2. The audio encoding system of claim 1 , wherein the multiplexer is configured to form a bitstream with a basic layer (B E1 ) and a spatial layer (B spatial ), wherein the basic layer comprises the spectral envelope and the signal data of the first audio signal and the first rate allocation data, and allows independent reconstruction of the first audio signal.

3. The audio encoding system of claim 2 , wherein the rate allocation component is configured to determine a first coding bitrate (bE 1 ) occupied by the basic layer of the bitstream and to determine the first rate allocation data subject to a basic-layer bitrate constraint (bE 1 max).

4. The audio encoding system of claim 2 , wherein the rate allocation component is configured to determine a total coding bitrate (bTot) occupied by the bitstream and to determine the first and second rate allocation data subject to a total bitrate constraint (bTotMax).

5. The audio encoding system of claim 3 , wherein the rate allocation component is configured to: determine the first rate allocation data based on a joint comparison of frequency bands of all spectral envelopes while repeatedly estimating a first coding bitrate (bE 1 ) occupied by the basic layer of the bitstream, wherein the first rate allocation data are determined subject to a basic-layer bitrate constraint (bE 1 Max) or, if the basic-layer bitrate constraint is not saturated, subject to a total bitrate constraint (bTot); and determine the second rate allocation data subject to the total bitrate constraint (bTot) and in dependence of whether the basic-layer bitrate constraint was saturated, wherein, if the basic-layer bitrate constraint was not saturated, the second rate allocation data are determined by the joint comparison of frequency bands of all spectral envelopes; and if the basic-layer bitrate constraint was saturated, the second rate allocation data are determined based on a joint comparison of frequency bands of the spectral envelope(s) of the at least one further audio signal.

6. The audio encoding system of claim 1 , wherein: the collection of predefined quantizers is ordered with respect to fineness; and the first and/or second rate allocation rule is/are designed to indicate a finer quantizer for a frequency band with higher energy content than a frequency band of the same signal with lower energy content, as indicated by the respective spectral envelope.

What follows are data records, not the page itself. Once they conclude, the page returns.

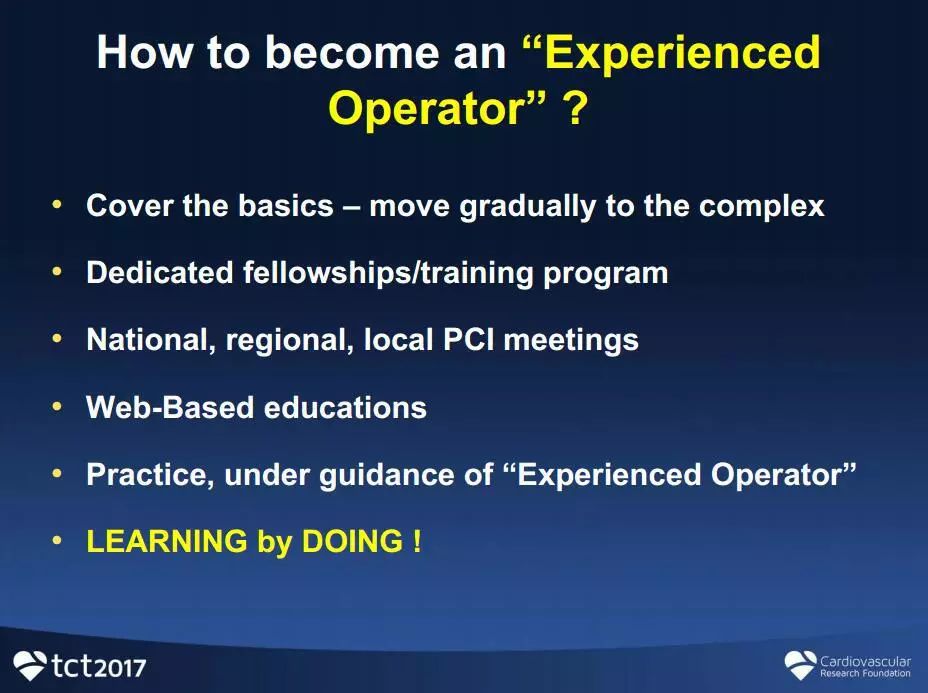 对于高危复杂冠心病患者的介入治疗,应由有经验的医生操作是目前的共识。问题的关键在于,如何让年轻的无经验医生成长为有经验医生,如何平衡患者预后与医生成长之间的矛盾。作为一个有经验冠状动脉介入治疗术者,需要熟练掌握旋磨技术,慢性完全闭塞病变、左主干病变、长病变、扭曲病变、分叉病变的介入治疗方法、策略及相应器械,同时需要掌握左心室辅助装置的应用方法、术中造影剂、放射线的控制,掌握各种并发症的处理方法。要成长为一个有经验的术者,需要掌握心脏介入学的基本知识,接受各种专项培训,如慢性完全闭塞病变治疗、分叉病变治疗等,参与各种会议及学习交流,最为重要的是在有经验医生的指导下增加手术量,从实践中增加经验。在有经验医生指导下进行手术治疗,是平衡经验增长和保障患者预后的重要手段。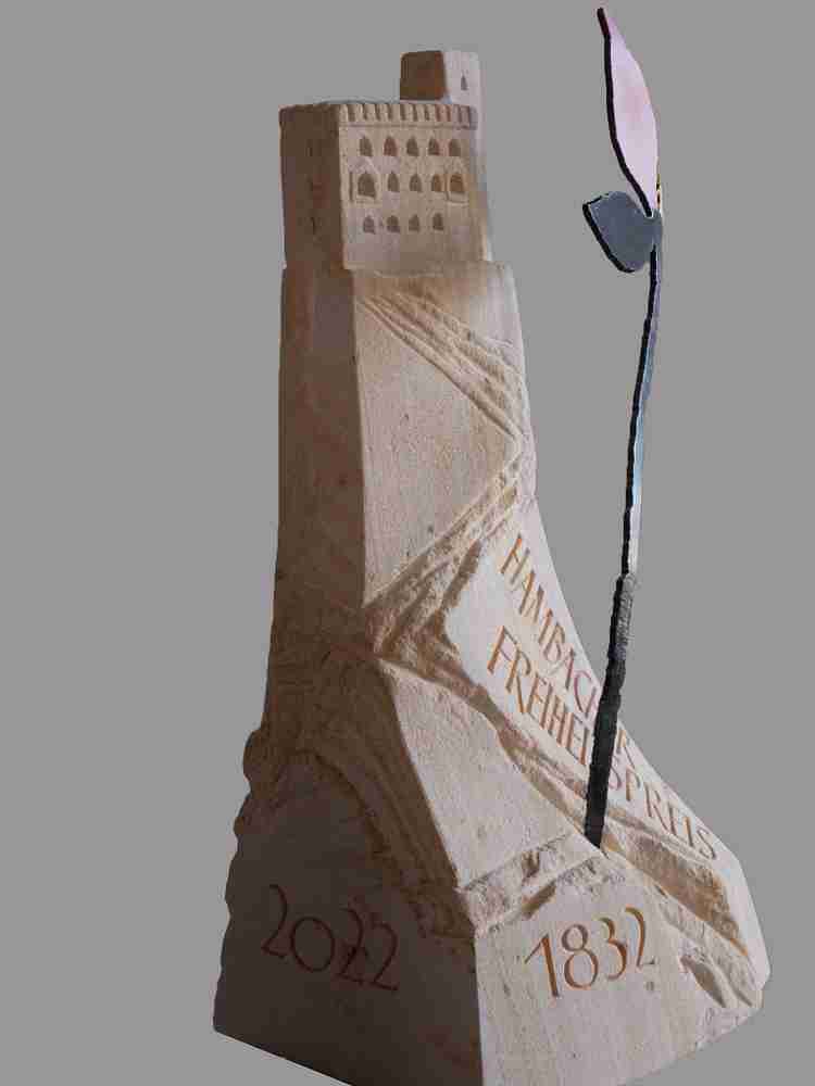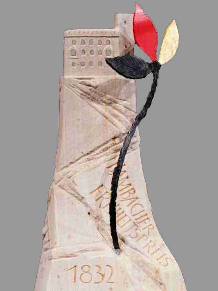Der ehemalige Bundespräsident Joachim Gauck wurde im Rahmen des Demokratiefestes mit dem "Hambacher Freiheitspreis 1832" ausgezeichnet. In der Rheinpfalz erklärt er die Bedeutung seiner Arbeit aus Haardter Sandstein: Gezeigt wird der Weg aufs Schloss, eher als alpinistische Bergtour, bei der man sich laut Mathäss auch in eine „Todeszone“ begibt. Gleichzeitig soll der Weg wie eine Soll-Bruchstelle wirken, die am Ende bewirkt, dass das alte System zerfällt. Heraus sprießt: „das zarte Pflänzchen“ Demokratie, dessen Samen die Menschen 1832 gelegt haben.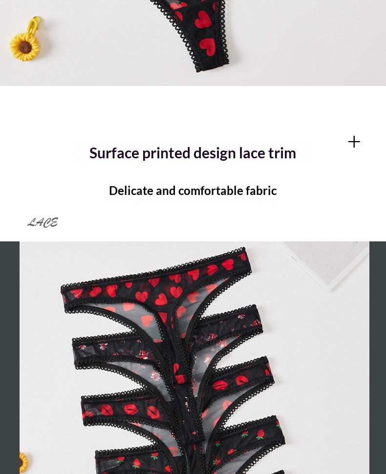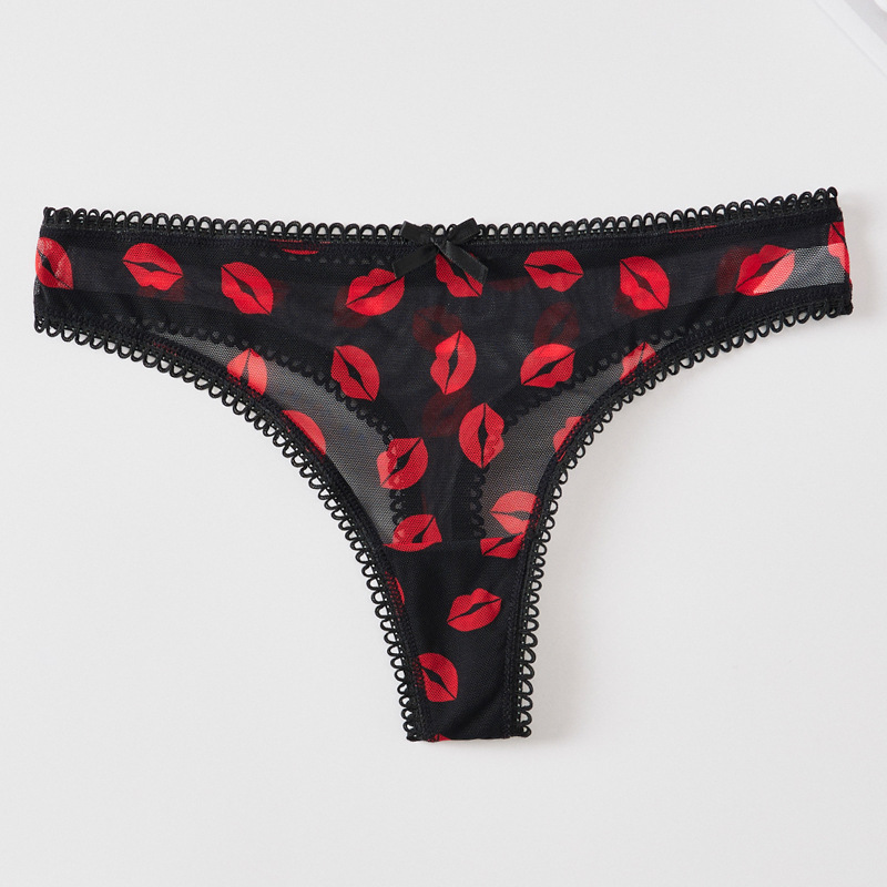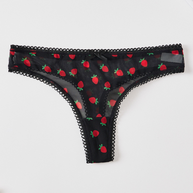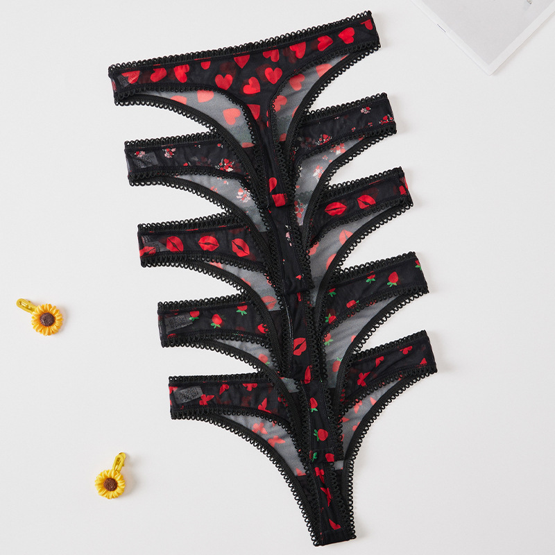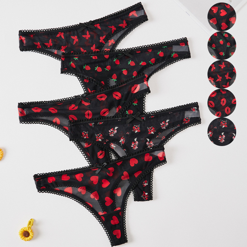 Womens Thong Seamless Breathable Mesh Printed Sexy Underwear

7. The audio encoding system of claim 6 , wherein the first and/or second rate allocation rule is/are designed to refer to the energy content normalized by the reference level (EnvE 1 Max) derived from the first audio signal.

8. The audio encoding system of claim 6 , wherein: the rate allocation data include an offset parameter (AllocOffsetE 1 , AllocOffsetE 2 E 3 ); and the first and/or second rate allocation rule is designed to refer to the energy content normalized by the offset parameter.

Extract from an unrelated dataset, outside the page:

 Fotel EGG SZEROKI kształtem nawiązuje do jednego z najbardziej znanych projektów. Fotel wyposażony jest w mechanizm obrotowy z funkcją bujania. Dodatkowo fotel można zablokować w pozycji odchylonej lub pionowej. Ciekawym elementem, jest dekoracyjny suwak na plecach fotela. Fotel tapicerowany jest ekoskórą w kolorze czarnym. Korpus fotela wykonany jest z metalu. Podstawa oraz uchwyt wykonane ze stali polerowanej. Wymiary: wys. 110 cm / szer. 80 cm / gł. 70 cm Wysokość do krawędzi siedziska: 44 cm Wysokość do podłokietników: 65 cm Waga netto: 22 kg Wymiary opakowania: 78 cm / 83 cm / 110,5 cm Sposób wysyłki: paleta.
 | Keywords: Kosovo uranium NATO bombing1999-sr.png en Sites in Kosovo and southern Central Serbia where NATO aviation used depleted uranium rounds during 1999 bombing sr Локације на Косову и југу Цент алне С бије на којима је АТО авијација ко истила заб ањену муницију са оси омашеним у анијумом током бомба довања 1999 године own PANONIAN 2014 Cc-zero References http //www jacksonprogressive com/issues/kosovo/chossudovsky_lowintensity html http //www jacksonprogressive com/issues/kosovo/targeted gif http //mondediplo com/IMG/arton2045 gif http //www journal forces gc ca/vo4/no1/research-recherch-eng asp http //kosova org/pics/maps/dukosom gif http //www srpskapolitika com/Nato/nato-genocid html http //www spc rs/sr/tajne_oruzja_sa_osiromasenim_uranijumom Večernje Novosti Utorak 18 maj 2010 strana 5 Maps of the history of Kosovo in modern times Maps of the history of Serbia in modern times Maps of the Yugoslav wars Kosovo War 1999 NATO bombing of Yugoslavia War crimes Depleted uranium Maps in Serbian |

9. The audio encoding system of claim 6 , wherein the rate allocation data further includes an augmentation parameter (AllocOverE 1 , AllocOverE 2 E 3 ) indicating a subset of the frequency bands for which the first/and or second rate allocation rule is overridden.

10. The audio encoding system of claim 1 , wherein the multiplexer is configured to output a bitstream comprising bitstream units corresponding to one or more time frames of the audio signals, in which the spectral envelope and signal data of the first audio signal and the first rate allocation data are non-interlaced with the spectral envelopes and signal data of the at least one further audio signal and the second rate allocation data in each bitstream unit.

11. The audio encoding system of claim 10 , wherein the multiplexer is configured to output a bitstream comprising bitstream units in which the spectral envelope and signal data of the first audio signal and the first rate allocation data precede the spectral envelopes and signal data of the at least one further audio signal and the second rate allocation data in each bitstream unit.

12. The audio encoding system of claim 10 , wherein the multiplexer is configured to output a bitstream of bitstream units which further comprise a gain profile (g) for noise suppression in connection with mono decoding, wherein the gain profile precedes the spectral envelopes and signal data of the at least one further audio signal and the second rate allocation data in each bitstream unit.

13. The audio encoding system of claim 1 , further comprising: a spatial analyzer configured to receive a plurality of input audio signals (W, X, Y) and to determine, based on these, frame-wise decomposition parameters (K=(d, φ, θ)); and an adaptive rotation stage configured to receive said plurality of input audio signals and to output said plurality of audio signal (E 1 , E 2 , E 3 ) by applying an energy-compacting orthogonal transformation, wherein quantitative properties of the transformation are determined by the decomposition parameters.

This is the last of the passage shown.